__PROMPT__.
The data below contains pictures, which are to be skipped; the lines starting at the line with "A distinguished animal" and ending at the line with "XJZ012 925 Sterling" are to be output exactly, both ends included.

__EXTRACTED RECORDS__.
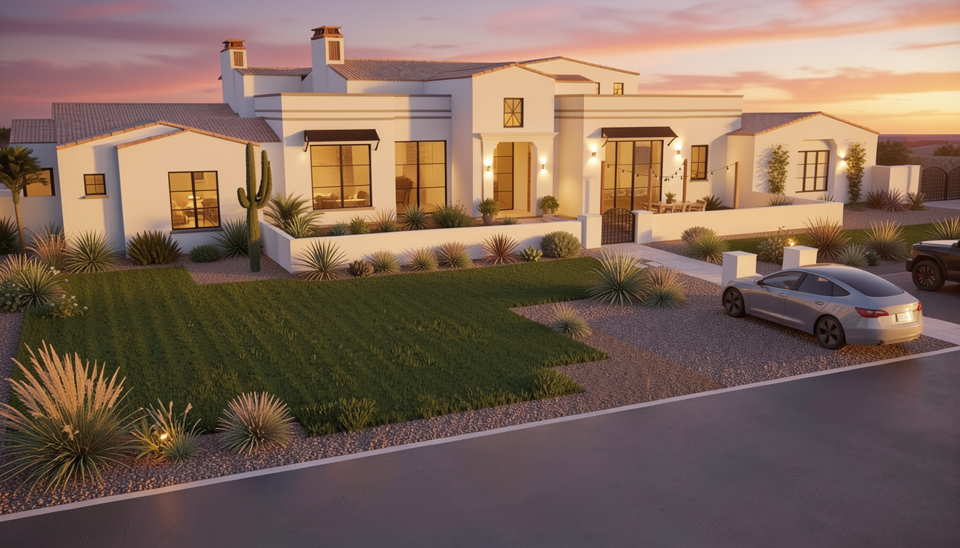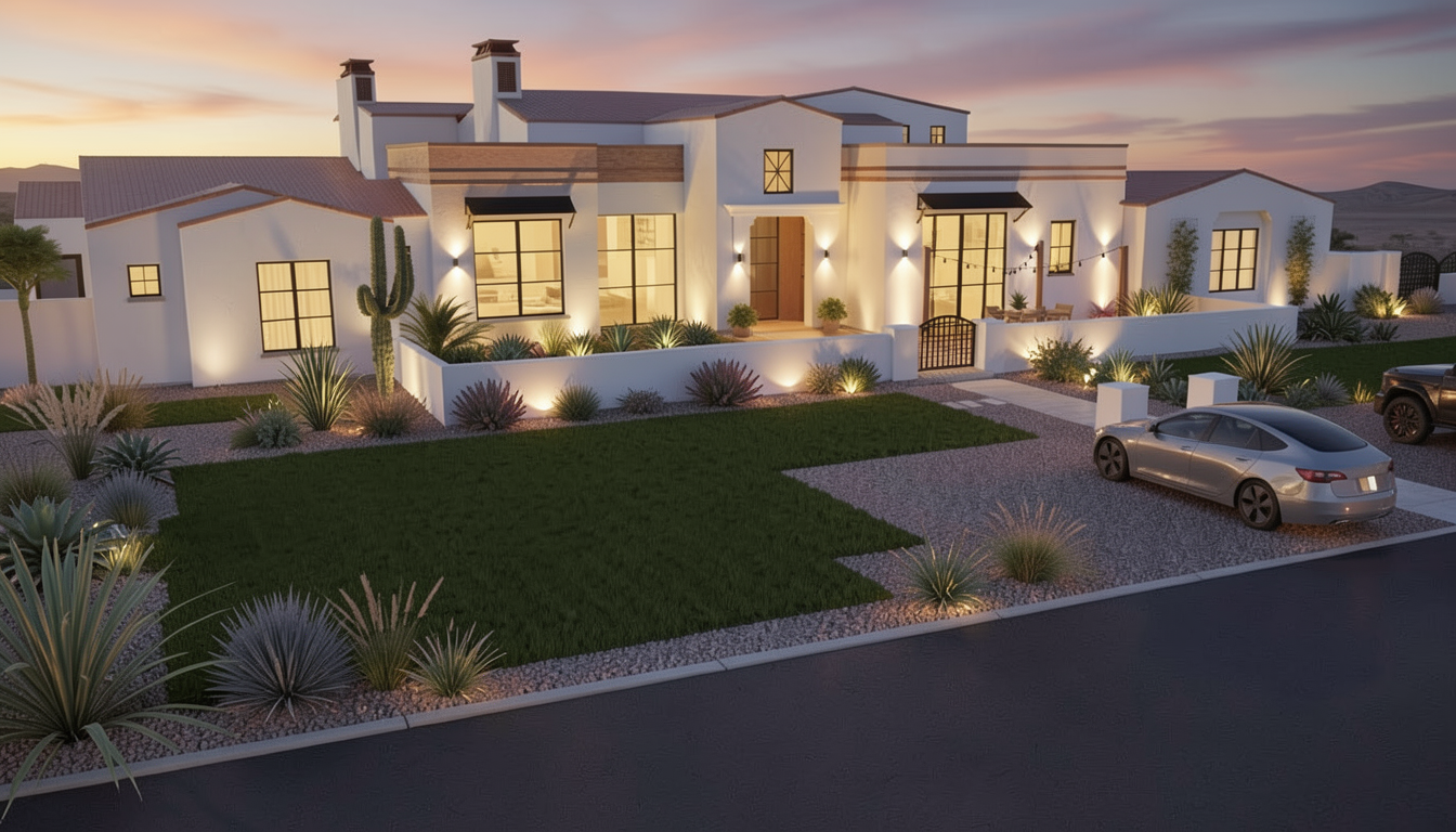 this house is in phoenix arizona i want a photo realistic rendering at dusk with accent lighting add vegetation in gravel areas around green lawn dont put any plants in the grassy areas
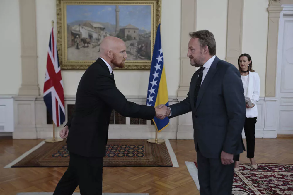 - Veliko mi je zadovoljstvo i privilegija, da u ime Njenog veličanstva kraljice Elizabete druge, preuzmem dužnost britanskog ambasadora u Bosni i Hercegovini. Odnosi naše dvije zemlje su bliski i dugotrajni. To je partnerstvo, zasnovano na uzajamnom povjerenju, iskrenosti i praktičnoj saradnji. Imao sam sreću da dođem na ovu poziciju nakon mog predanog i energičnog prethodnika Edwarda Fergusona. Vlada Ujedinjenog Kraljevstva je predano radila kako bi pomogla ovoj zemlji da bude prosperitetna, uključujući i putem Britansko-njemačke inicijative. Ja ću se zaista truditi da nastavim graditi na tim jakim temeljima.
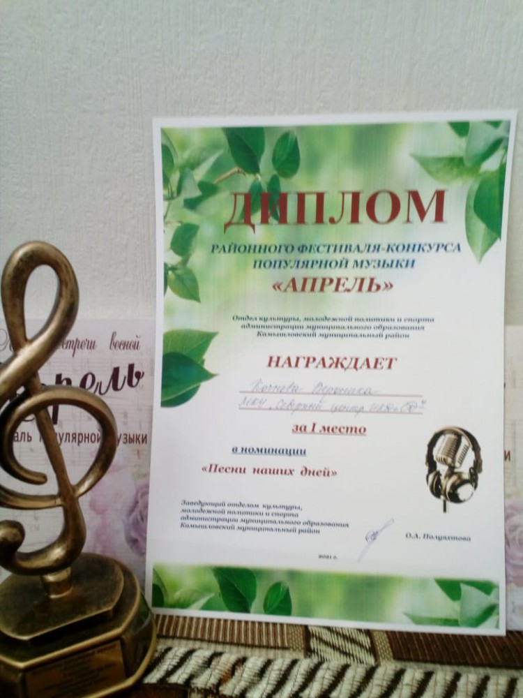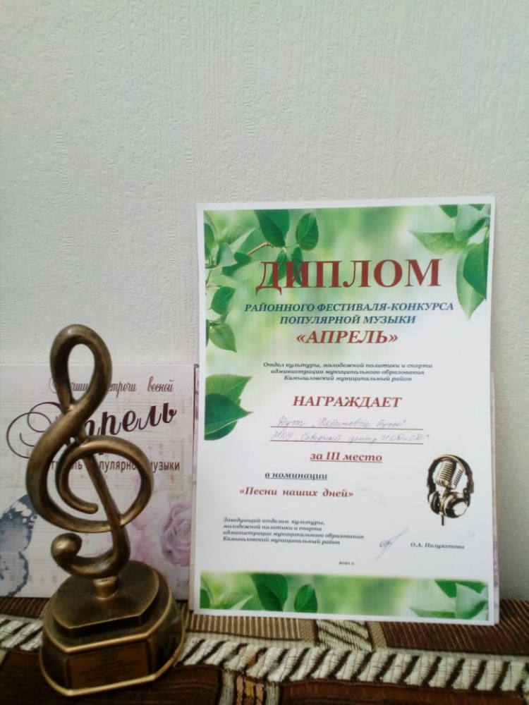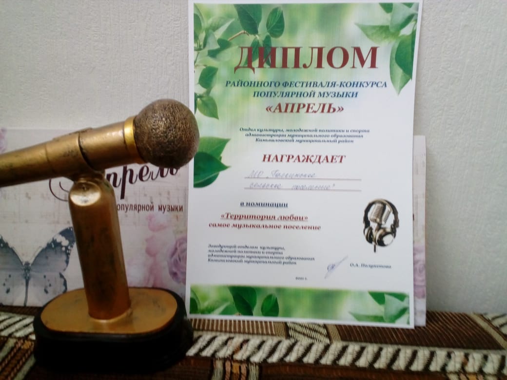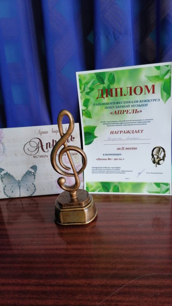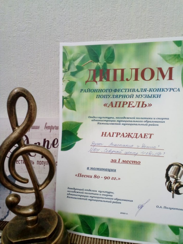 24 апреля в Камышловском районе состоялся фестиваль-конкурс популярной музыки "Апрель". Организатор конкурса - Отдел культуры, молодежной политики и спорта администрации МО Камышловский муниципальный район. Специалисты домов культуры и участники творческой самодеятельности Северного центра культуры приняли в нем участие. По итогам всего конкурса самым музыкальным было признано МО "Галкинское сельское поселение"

---

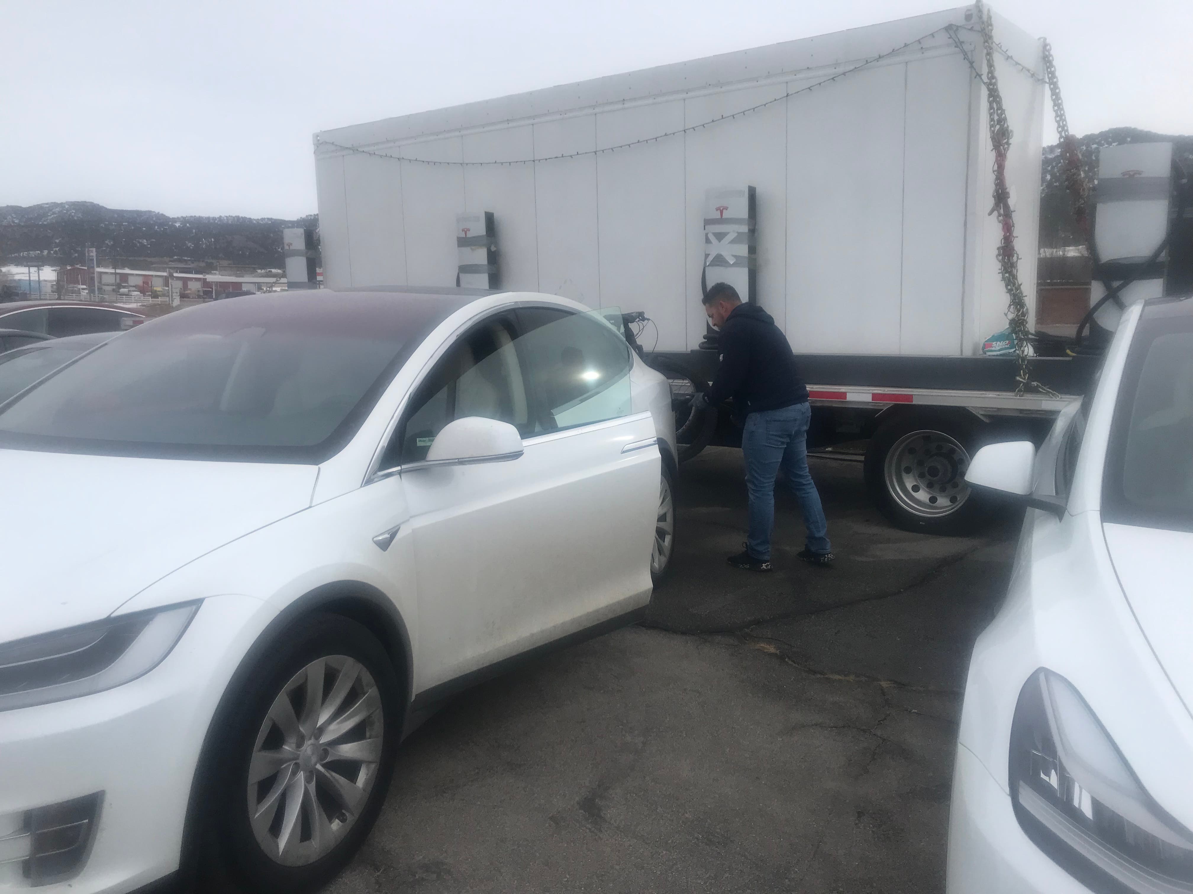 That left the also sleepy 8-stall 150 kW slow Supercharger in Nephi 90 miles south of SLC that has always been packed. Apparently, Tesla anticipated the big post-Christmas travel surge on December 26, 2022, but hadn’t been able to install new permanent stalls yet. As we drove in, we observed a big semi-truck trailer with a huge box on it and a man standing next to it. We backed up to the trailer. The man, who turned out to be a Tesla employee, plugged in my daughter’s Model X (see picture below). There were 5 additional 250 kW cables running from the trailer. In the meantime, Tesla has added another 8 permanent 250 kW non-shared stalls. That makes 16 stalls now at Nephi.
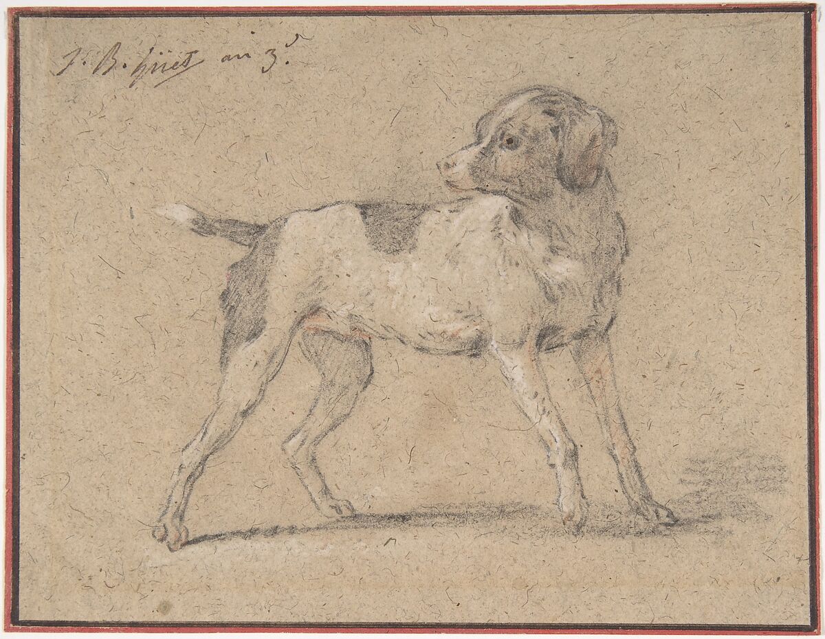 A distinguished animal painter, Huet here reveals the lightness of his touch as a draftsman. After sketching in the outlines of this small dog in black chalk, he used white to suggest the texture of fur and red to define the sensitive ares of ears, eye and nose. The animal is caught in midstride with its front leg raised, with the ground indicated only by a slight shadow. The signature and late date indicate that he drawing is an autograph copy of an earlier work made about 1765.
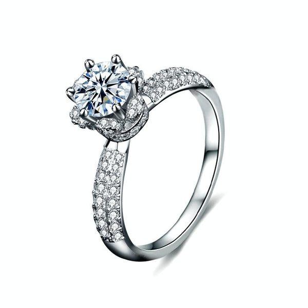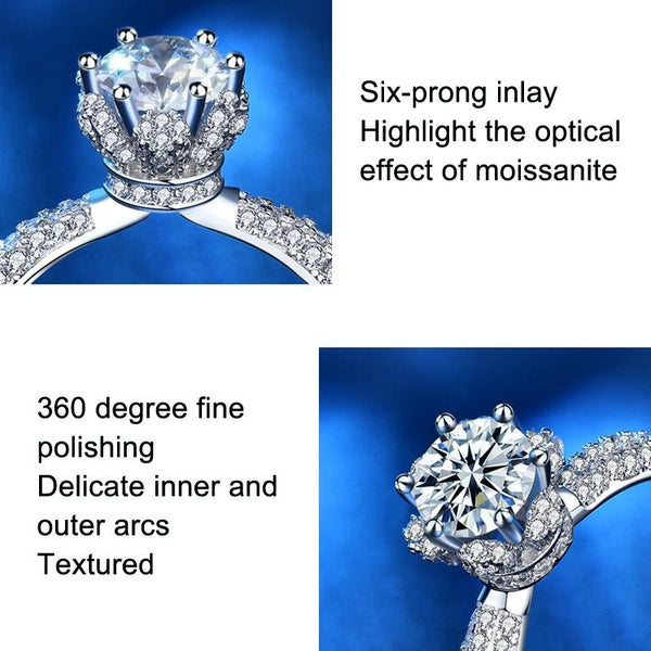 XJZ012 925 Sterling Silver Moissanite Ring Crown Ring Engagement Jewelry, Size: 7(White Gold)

__SOLUTION BELOW__.
 A distinguished animal painter, Huet here reveals the lightness of his touch as a draftsman. After sketching in the outlines of this small dog in black chalk, he used white to suggest the texture of fur and red to define the sensitive ares of ears, eye and nose. The animal is caught in midstride with its front leg raised, with the ground indicated only by a slight shadow. The signature and late date indicate that he drawing is an autograph copy of an earlier work made about 1765.
 XJZ012 925 Sterling Silver Moissanite Ring Crown Ring Engagement Jewelry, Size: 7(White Gold)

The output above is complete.